Exploiting waste heat by means of thermoelectric generators has long been proposed as one of the ways to meet the worlds rising energy demands. However, thermoelectric materials still need improvements to be cost-effective in most applications. Higher efficiency materials could be obtained by optimizing the materials through functionality grading to meet the changing temperature conditions within a thermoelectric leg in operation.

The physical parameters that influence the efficiency of a thermoelectric material are all strongly temperature dependent, and consequently the efficiency of a homogeneous material peaks in a narrow temperature interval. By grading these parameters though the material, the temperature at which the efficiency peaks can also be graded.

Opposed to most other techniques for functionality grading, graded materials can be achieved in one step though Czochralski or Bridgman/Stockbarger synthesis. It has previously been shown that thermoelectric materials graded in either composition, and thereby band gap [1], or doping [2] can be prepared in this way, but by combining the two effects a potentially significant improvement in efficiency should be achievable.
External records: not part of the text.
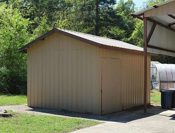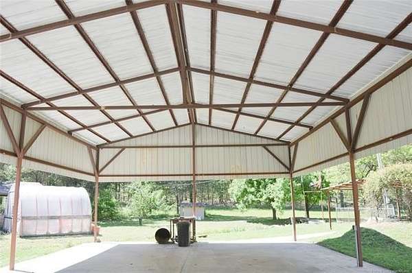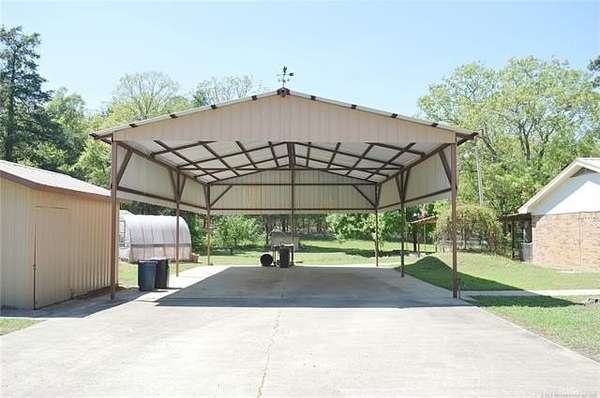 So much more than just a house! This property has it all, including covered parking, equipment shed, greenhouse, storage shed, cellar, creek with private bridge, supplemental water source, fenced garden, two living areas, pet fencing, and more! Near the small town of Rattan, this lovely home provides both comfort and convenience. The interior of the home has been freshly cleaned and prepped for sale. The whole interior sports a new coat of paint, brightening the space. The home has electric heat and air for comfortable living, but the main living area of the home has an Ashley wood stove, for keeping supplemental heat available even if the electricity goes out. When Oklahoma weather hits, you can retreat down the covered sidewalk, to the in-ground storm cellar, located only a few steps from the house. Inside the house, two guest bedrooms share a full bath with walk in shower. The primary bedroom has a half bath attached. A second living area, just off the kitchen, has an exterior entry and built in shelves. This would make a great home office space! The galley style kitchen and dining area flow seamlessly together. The laundry room has ample space for a full-size washer/dryer set. New carpet has just been installed in the home. This is a clean slate for buyers to customize to their liking. The home is accompanied by a very large RV height carport, complete with water and electric access. It is made of steel framing, concrete floor, and metal roof. A covered walkway leads to the full-length back porch. The yard is split up into several zones for different uses. There is a fence around the porch, a shelter and yard for a pet, the fenced garden, an open, grassy area for wildlife along the creek, and fencing around the side yard as well. The home has rural water but an onsite well is used for watering the yard and garden. Two large culverts create a crossing for equipment to easily maintain the property. There's so much more to this property, than just a house!
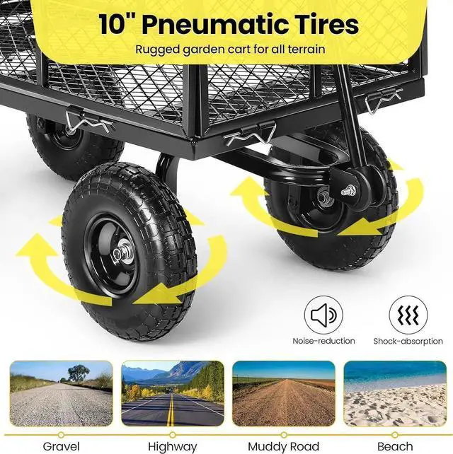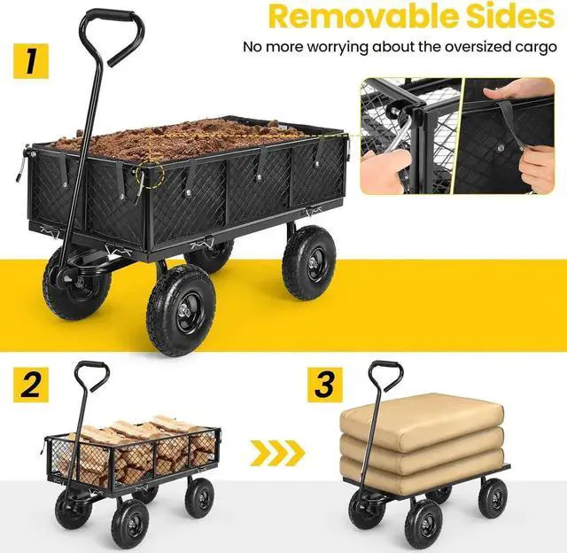 DURABLE STEEL WAGON: Consist of fully-welded powder-coated steel frame and iron mesh frame, the metal wagon is very solid and can withstand harsh outdoor conditions. Made fully-welded, high-quality metal, the cart body is anti-rust, solid; All-iron mesh bed is extremely tough and not easy to break; The hinges between each rail are sturdy and firmly-welded to ensure a long service life; This garden cart with premium materials and professional craftsmanship, with stronger load-bearing capacity.
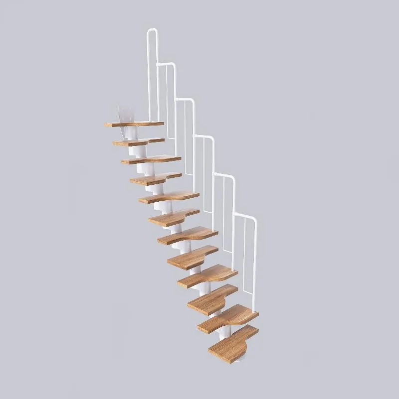 Компактная деревянная лестница с металлическими стойками перил. Легко собирается и занимает небольшое пространство на первом и втором этаже. Фиксированный квадратный короб на верхнем уровне обеспечивает дополнительную прочность конструкции. Монтаж осуществляется силами двух человек на объекте по указаниям, приведенным в паспорте на лестницу.
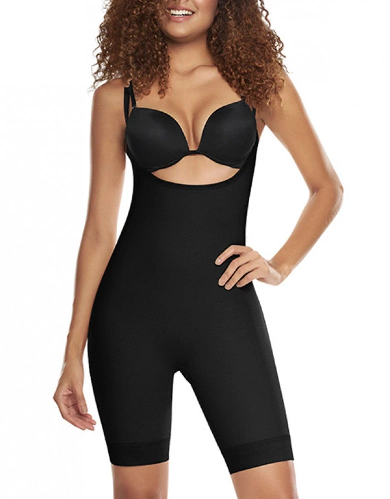 The Firm Control Open Bust Bodysuit with Removable Pads from True Shapers is a bodysuit with an open bust design, allowing you to wear your own bra. This bodysuit flatters and enhances your natural curves by targeting your tummy, waist, back, hips, thighs, and rear. It also provides lower back support. It is made from a temperature control and moisture wicking fabric, permitting air flow and keeping you cool and dry. The padding is removable, allowing you to customize your comfort and fit level. Other features of this shaping bodysuit include a seamless design to prevent panty lines, adjustable and convertible straps, and an open gusset for convenience.
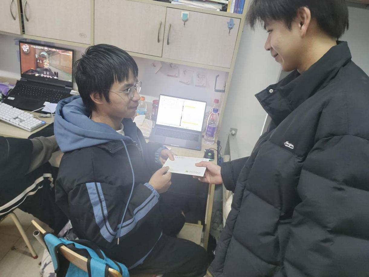 活动前期,同学们踊跃参与,用温暖的笔触写下对不懈努力的考研学子的鼓励与支持,不仅让同学们感受到文学的力量,也给考研学子送去温暖、增添动力。12月13日,一封封匿名信伴着公司领导、老师们精心准备的“考研加油礼包”发放到每一位考研学子的手中。考研学子孙楠在收到匿名信后给员工会权益邮箱留言:“最近考研的压力比较大,但读到这封信后,心里就像有一股暖流在徜徉,很温暖,感谢学弟学妹的鼓励!”
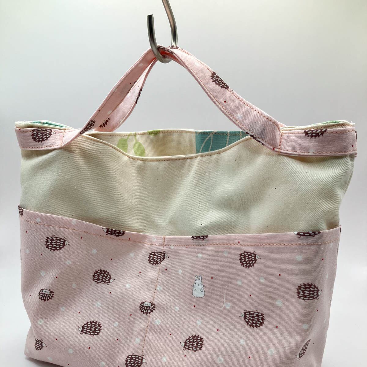 持ち手は外側にベルトのように付いているので、必要な時にサッと取り出せます。
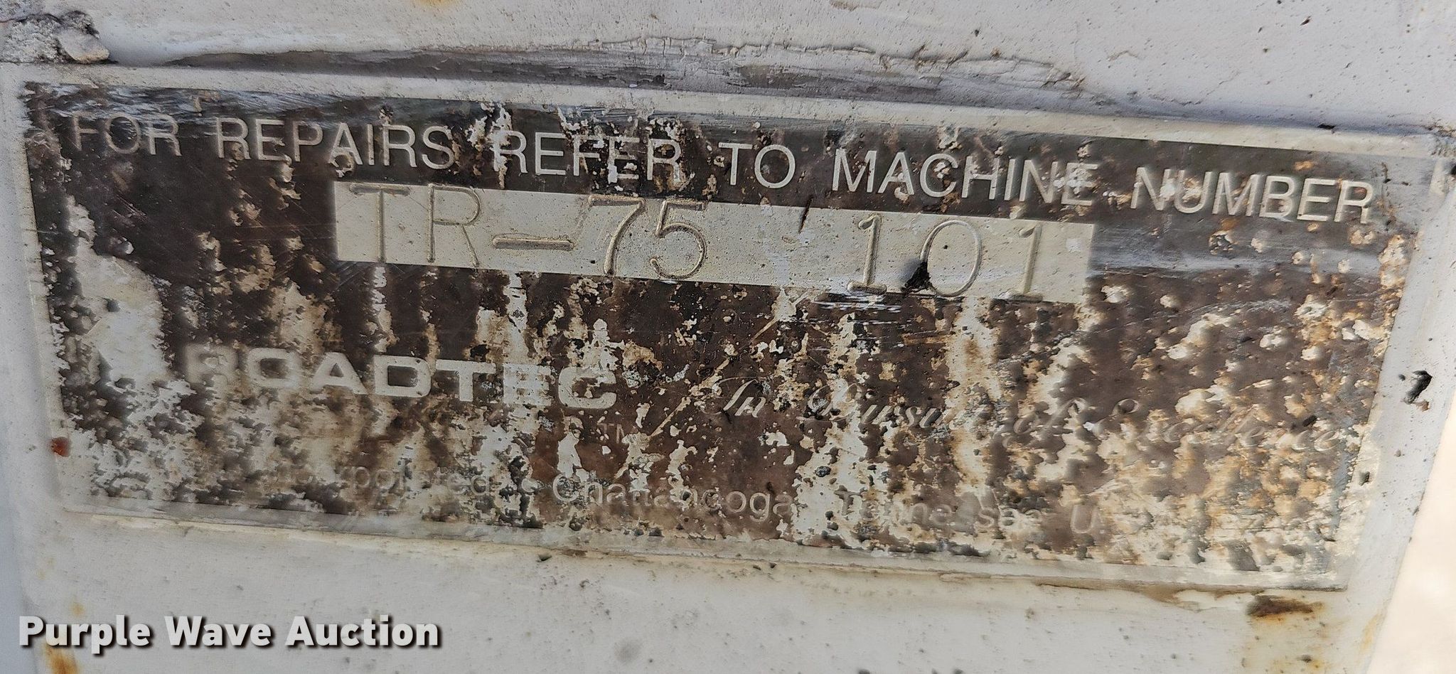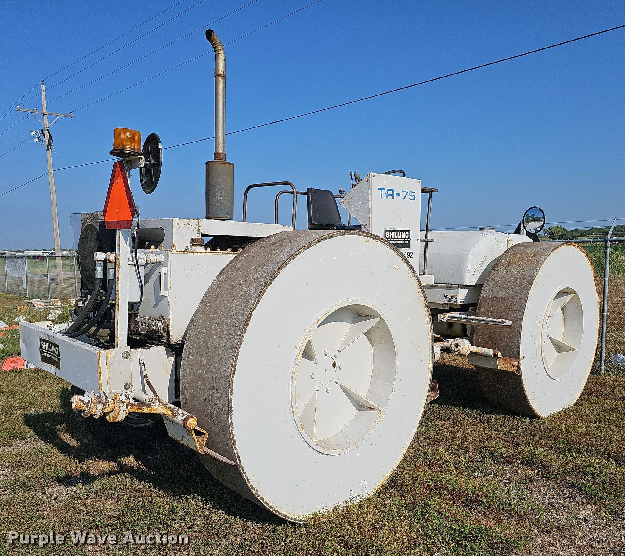 Roadtec TR75 trench compactor. Hours: 127 on meter, Serial: 101, Unit #: ROT1055. Engine Cummins, Cylinders: 4, Fuel type: Diesel. Transmission Hydrostatic. Features Compaction wheels 18" W x 68" diameter, Wheel scrapers: Front, Rear, Hydraulic adjust, Leveler, Water spray system. Tires Size: 11R22.5 , Steel wheels. Notes Dead battery. Shilling Construction Inc.. Manhattan, KS 66502

This poster presents the idea behind and preliminary results of a study aiming at identifying and testing material systems capable of being graded in both doping and composition through either Czochralski or Bridgman/Stockbarger crystal growth in such a way that these effects enhance each other, and optimizing the synthesis of these materials.

1. Christensen, M., et al., Fast Preparation and Characterization of Quarternary Thermoelectrics Clathrates. Chem. Mater, 2009. 21(1): p. 122-127.

2. Kuznetsov, V.L., et al., High performance functionally graded and segmented Bi2Te3-based materials for thermoelectric power generation. Journal of Materials Science, 2002. 37(14): p. 2893-2897.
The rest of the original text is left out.